It can be compiled, for example, like this clang -O3 verify_dissolve.cpp -I ~/git_private/boost_work/ -I ~/git_other -std=c++14 -lstdc++ -lm

The results are (noted as dissolved, correct, correct o/e, first area/validity of results, then times in milliseconds):

pentagram areas 33.5 d 25.6158 valid c 25.6158 valid o 17.7317 valid
pentagram d time: 0.067
pentagram c time: 0.155
pentagram o time: 0.552

complex areas 23248.5 d 21123.3 valid c 20252.5 valid o 17256.4 valid
complex d time: 1.467
complex c time: 0.4
complex o time: 2.712

multiple areas 0 d 37.5 valid c 25 valid o 37.5 valid
multiple d time: 1.597
multiple c time: 1.137
multiple o time: 8.138

overlapping areas 4400 d 4000 valid c 4000 valid o 3600 valid
overlapping d time: 0.095
overlapping c time: 0.173
overlapping o time: 0.959

random42 areas 0.397102 d 0.10757 invalid c 0.317975 valid o 0.370735 valid
random42 d time: 0.025
random42 c time: 0.137
random42 o time: 27.539

random123 areas 0.505316 d 0.301726 invalid c 0.400009 valid o 0.362924 valid
random123 d time: 0.027
random123 c time: 0.167
random123 o time: 33.87

large areas 0.681723 d 0.681723 valid c 0.68125 invalid o 0.681723 invalid
large d time: 24.462
large c time: 8.629
large o time: 19.46

svgs (generated in /tmp/svg) give impressions of the correctness.

The performance depends on the input. This is more often the case. Sometimes dissolve is faster, sometimes correct is faster. The correct_odd_even is usually (but not always) the slowest.

For the two random generated polygons, dissolve doesn't work correctly (visually) and its result is invalid. The version of correct looks wrong too, but is marked as valid. Only the odd_even version looks correctly to me.

The large areas is using wkt_CLC2006_180927 (I changed it into a MULTI, it's the only change I made). It somehow lists the result as invalid (maybe I missed something) for correct and odd_even.
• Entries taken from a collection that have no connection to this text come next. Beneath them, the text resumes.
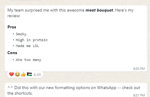 बुलेटेड लिस्ट: यूजर्स अब डैश सिंबल (-) के बाद एक स्पेस और फिर अपना मैसेज टाइप करके बुलेटेड लिस्टिंग बना सकते हैं।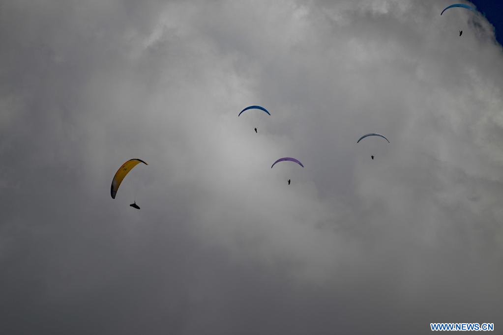 KRUSHEVO, 20 julio, 2022 (Xinhua) -- Pilotos vuelan sus parapentes durante la Copa Mundial de Parapente 2022, en Krushevo, Macedonia del Norte, el 20 de julio de 2022. El evento se lleva a cabo en Krushevo del 14 al 21 de julio de 2022. (Xinhua/Tomislav Georgiev)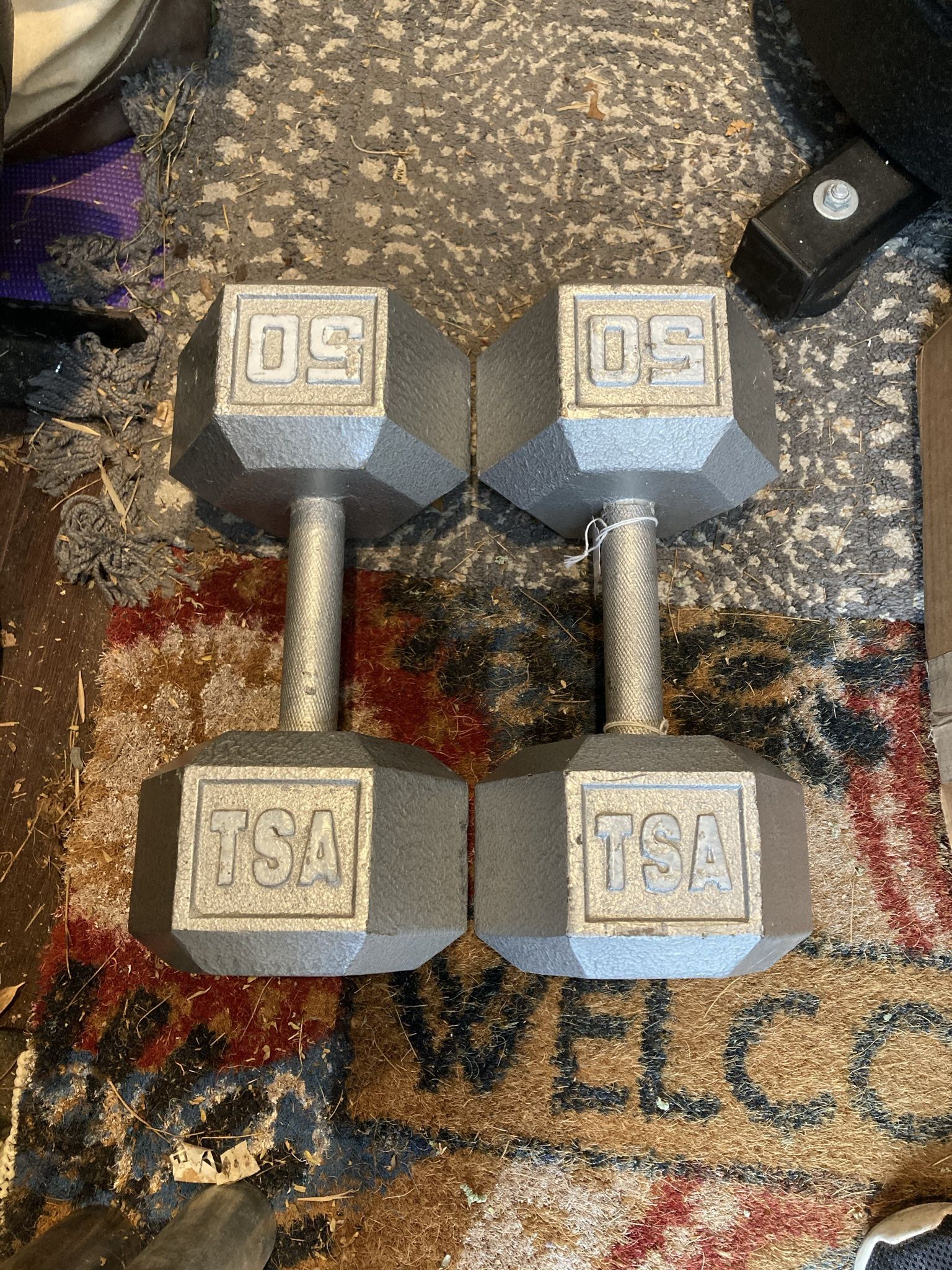 Pair of 50 lb steel hex dumbbells. 100 lbs total weight. Good condition! Make me an offer! These are commercial quality rubber wrapped steel dumbbells. Better than standard steel because they won’t damage your floors or equipment. Tags: Bumper Plates, Precor Icarian, Star Trac, Cybex, Paramount, Magnum, Life Fitness, Hammer Strength, Stair Master, Techno Gym. Treadmill, Elliptical, Spinning Bike, Spin Bikes, Recumbent Bikes, Up Right Bikes, Stepmills, Steeper, Spinners. Free weights, Dumbbells, Barbells, Racks, Plates, Plate Trees, Bench, Olympic Bench, Decline Bench, Multi Station, Jungle Gym, Cable Cross Over, Accessories. Gym, Commercial Gym Equipment, Fitness Equipment, Used Gym Equipment, Refurbish Fitness Equipment, Equipo de Gimnasio Usado, Cybex, Life Fitness, Star Trac, Precor, Hoist, True, Nautilus, Hammer Strength, Atlantis, Matrix. Diesel, Paramount, Stair Master, Magnum, Quantum, Body Master, Icarian, Elite Gym Equipment International inc. Circuit, Complete Gym, All Commercial Machines, Fitness & Gym Equipment Outlet Warehouse. Treadmills, Ellipticals, Cross Trainer, Stepmills, Recumbent Bike, Upright Bike, Spin Bikes, Steppers, Spinners, Multi Station Gym, Jungle Gym, Fitness Equipment, Commercial Gym Equipment, Exercise Equipment, Cardio Machines, Cross Fit, Exercise, Cardio, Plate Loaded Machines, Leg Press, Smith Machine, Cable Crossover, Weights, Dumbbells, Rubber Dumbbells, Barbells, Rubber Weights, Plates, Rubber Mats, Racks, Commercial Benches and Accessories, fitness equipment, nuste Less Tags: Gym, fitness, dumbbells, kettlebells, barbell, exercise, Titan, rogue, weight, weights, dumbbell, kettlebell, bumper, rubber, bumpers, CrossFit, pesa, pesas, Bench, Bench press, squat, olympic, rep fitness, Sorinex, Eleiko, elite fts, Titan fitness, rogue fitness, bumper plates, Ohio, plates, iron, steel home gym, powerblock, bowflex, ironmaster, iron master, adjustable, cardio, treadmill, elliptical, concept 2, FID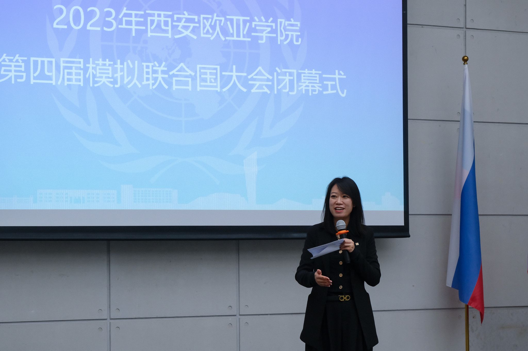 学生发展处处长助理李嘉瑜在致辞中提到,据美国哈佛大学的调查表明,课堂外的学习活动特别是在宿舍以及课外活动中发生的学习行为,对学生来讲至关重要,所有对学生产生深远影响的重要的具体事件有五分之四发生在课堂外。模拟联合国大会作为国际青年社区的品牌活动,也是学校在地国际化的重要活动之一。通过国际化氛围的营造、有益的环节设置帮助同学们更直观的了解国际规则、社交仪礼,有效推动学生个体的国际化发展。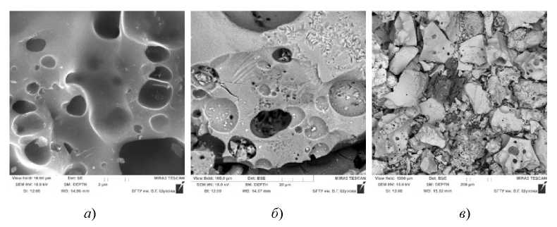 Рис. 2. Микрофотографии частиц золы при размере фракций, мкм: а – 1…10; б – 1…100; в – 1…1000
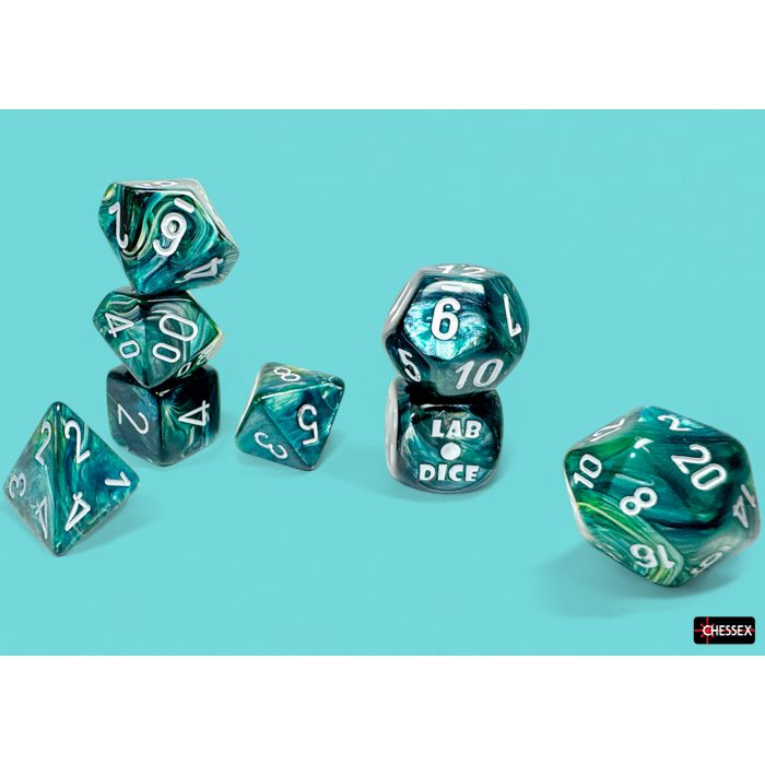 This set contains 8 Lustrous® Neptune™ dice with grey numbers with the following shapes: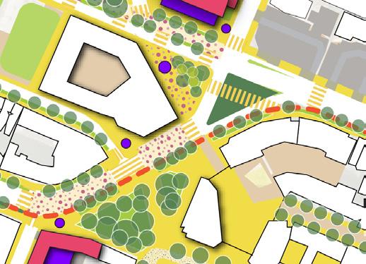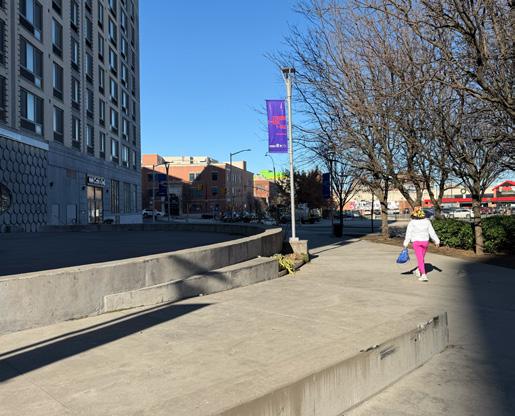 These modest but visible investments would formalize spaces that already exist, turning leftover institutional buffers into active civic areas. Building on early activations, they would improve walkability, support everyday use, and set the groundwork for longer-term neighborhood transformation.
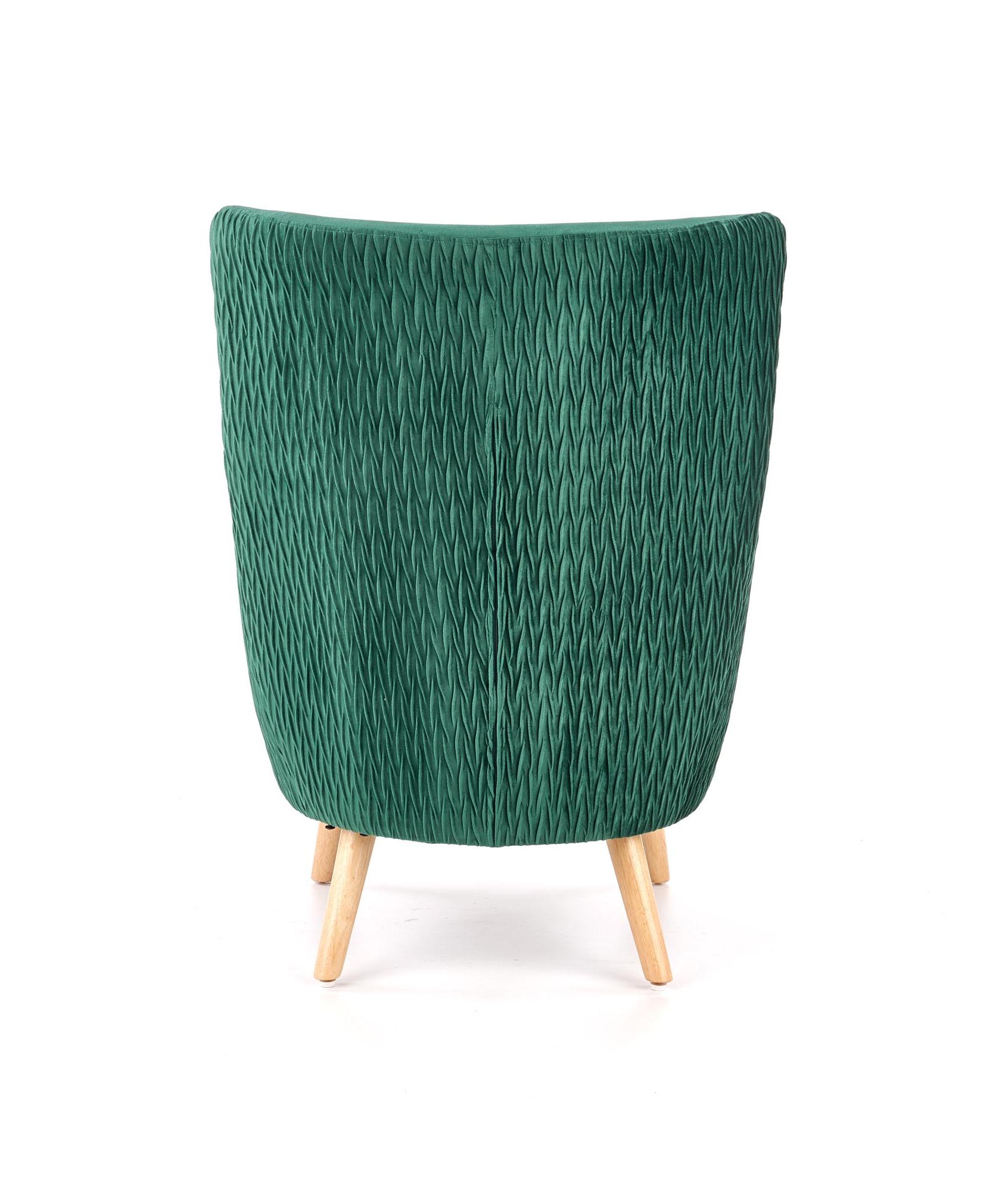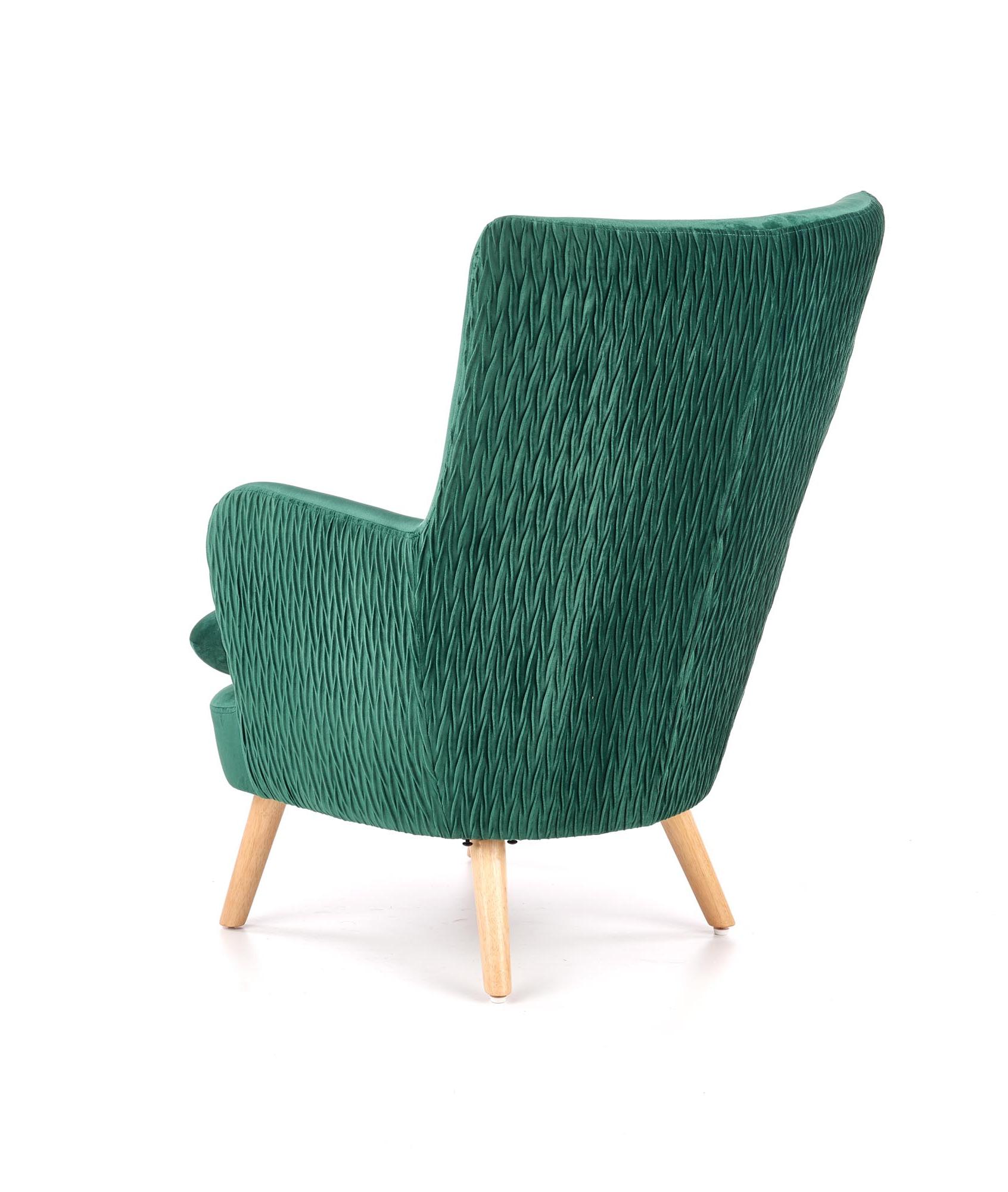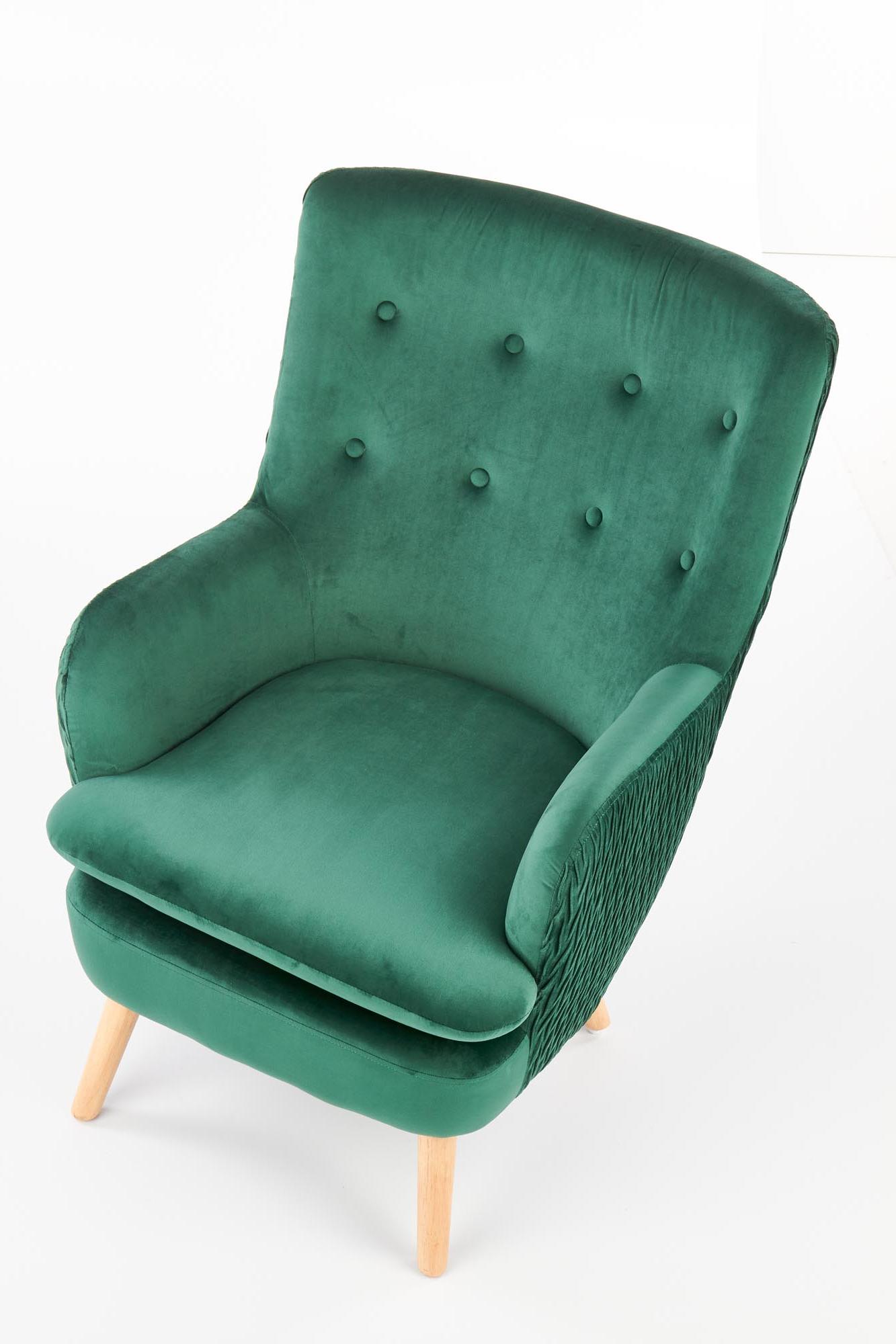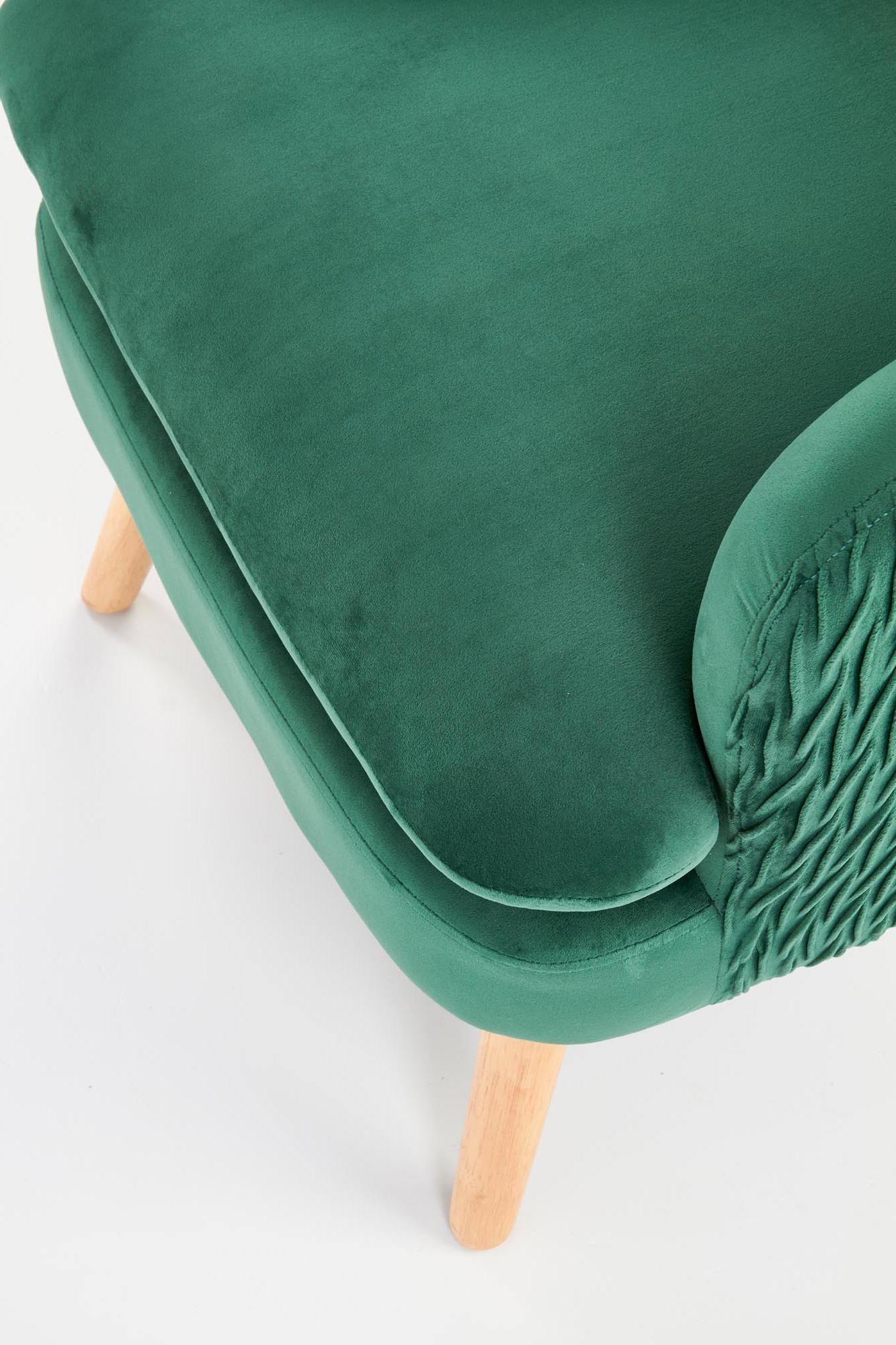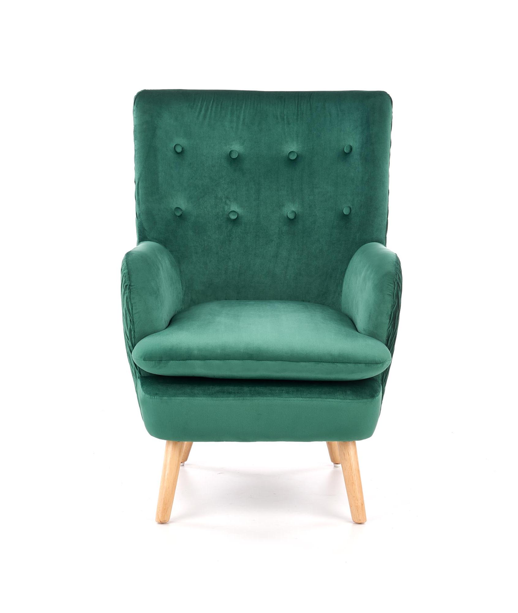Wykonano z materiału: tkanina / drewno lite, kolor tapicerka - ciemny zielony HLR 57, nogi - naturalny

In summary: no version is just better, we can investigate more, and maybe even publish both algorithms. The correct uses repetitive calls of intersects and union (I tried to avoid that in dissolve) and that is a reason why it can be slower. Maybe it can be enhanced (didn't look at that). The results of correct_odd_even look the best and most useful to me. dissolve sometimes fails, and should be repaired. But it is often quicker (at this moment). I know that some users are using it, so we should (probably) keep it unless they are fine with alternatives too.

barendgehrels commented 3 years ago

One of the randomly generated polygons (yellow: input, blue: the result) of:

dissolve random42_d

correct random42_c

correct_odd_even random42_o

barendgehrels commented 3 years ago

I can include more pictures on request, but you can also generate them yourselves.

And it would actually be useful to get more realistic random examples (for example with generated stars on random overlapping places and fix those, I will probably adapt the random_ellipses_stars test for that)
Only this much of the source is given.